There’s nothing new about urban u-pick farms, dairies, and other agricultural attractions. In fact, we almost expect them in places like Portland and Denver, where cities sprawl into vast farmland. But in the last five years, massive farming operations have also started cropping up in dense metropolises, like New York City, where you’d be hard-pressed to find a tree-lined block let alone an apple orchard.
Here are three major metropolitan areas with surprisingly rich urban farms that are a destination all on their own.
Believe it or not, crops like melons, squash, and lettuce thrive in Phoenix’s triple-digit summer heat. Plus, the city’s mild winters make it ideal for growing oranges and lemons.
You’ll find farms scattered throughout Phoenix, but the highest concentration are on the Fresh Foodie Trail, a collection of 11 agricultural destinations in the East Valley. Don’t miss Agritopia, where you can enjoy a farm-to-table meal next to the urban gardens and purchase freshly picked produce from the farm stand. Or there’s Schnepf Farms, known for its Peach Festival in the spring and Pumpkin & Chili Party in the fall.
Dairy cows do well here, too (as do pigs and goats), so you’ll want to stop at Superstition Farm, where you can tour the farm and sample fresh milk, and The Pork Shop — a third generation butcher shop — which sells seven types plus brats, sausage, and fresh-cut chops.
Other highlights include the Queen Creek Olive Mill, where you’ll learn how olives are pressed into oil, and Hayden Flour Mills at Sossaman Farms, which offers occasional tours and classes. In late winter and early spring, stop by The Orange Patch for fresh citrus and other local goodies.
New York City
New York may be one of the nation’s most densely populated cities, and — combined with its volatile weather — an unlikely location for urban farms. Yet according to a study conducted by Design Trust for Public Space, the city is home to more than 700 urban farms and gardens — that’s almost three times the number of Starbucks franchises located in the city (which are in no shortage).

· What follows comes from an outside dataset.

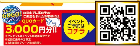 今なら、事前にご来店予約をしていただくだけで『QUOカード最大3000円分』をプレゼント。
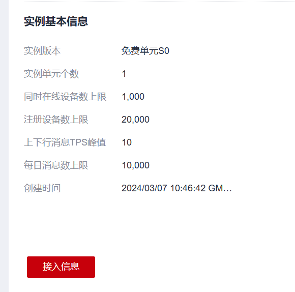 2、然后,在设备接入服务控制台获取设备接入信息,包括域名和端口。

While most of these urban farms are private, a fair number are open to the public, including Battery Urban Farm at The Battery Conservancy, where you can learn sustainable farming techniques and maybe even sample a new herb or veggie. Randall’s Island Urban Farm introduces visitors to the concept of urban gardening with 80 raised beds of vegetables, two greenhouses, four rice paddies, a berry patch, an orchard, and a chicken pasture.
Brooklyn Grange Rooftop Farms grows more than 50,000 pounds of organic produce every year at its two locations, the Brooklyn Navy Yard Farm in Brooklyn and Flagship Farm in Queens. You can visit for free during the weekly open house, which takes place every Saturday from 11 a.m. to 4 p.m. from May 21 through October 29, 2016. The Brooklyn farm has beehives, too, and offers classes on beekeeping.
The Red Hook Community Farm — a former asphalt playground in Brooklyn — now grows more than 30 crops including arugula, beets, basil, and heirloom tomatoes. Drop by on Friday and Saturday mornings for free tours.
There’s an urban farming revolution going on in Oakland, inspired by Novella Carpenter, who co-authored the book Essential Urban Farmer with Willow Rosenthal. At her own local farm, Ghost Town Farm — which has become a popular local attraction — Carpenter keeps bees and chickens, tends to an orchard of 36 fruit trees, and grows tomatoes and other vegetables. She occasionally gives tours and conducts classes onsite.
City Slicker Farms grows fresh produce for the West Oakland community and educates families about healthy food choices. Although the farm stand is intended for local residents only, the farm does offer tours the second Saturday of every month from spring through fall, at a suggested donation of $10 per person.
Want to learn about urban farming? Schedule a visit or a class through Mushroom Maestros. You can even arrange to work on the farm in exchange for a crash course in mushroom cultivation. Or, check out the offerings at the Institute of Urban Homesteading, which range from gardening and food preservation to foraging and fermenting. The institute occasionally conducts local farm tours, too.
Bonus: Oakland has a walkable urban wine trail that features 10 wineries. Although the grapes are sourced from other parts of California, the wines are actually produced in renovated warehouse spaces in Oakland, several of which are on or near Jack London Square. Jeff Cohn Cellars, Brooklyn West Winery, Cerruti Cellars, and Rosenblum Cellars are among the wineries included.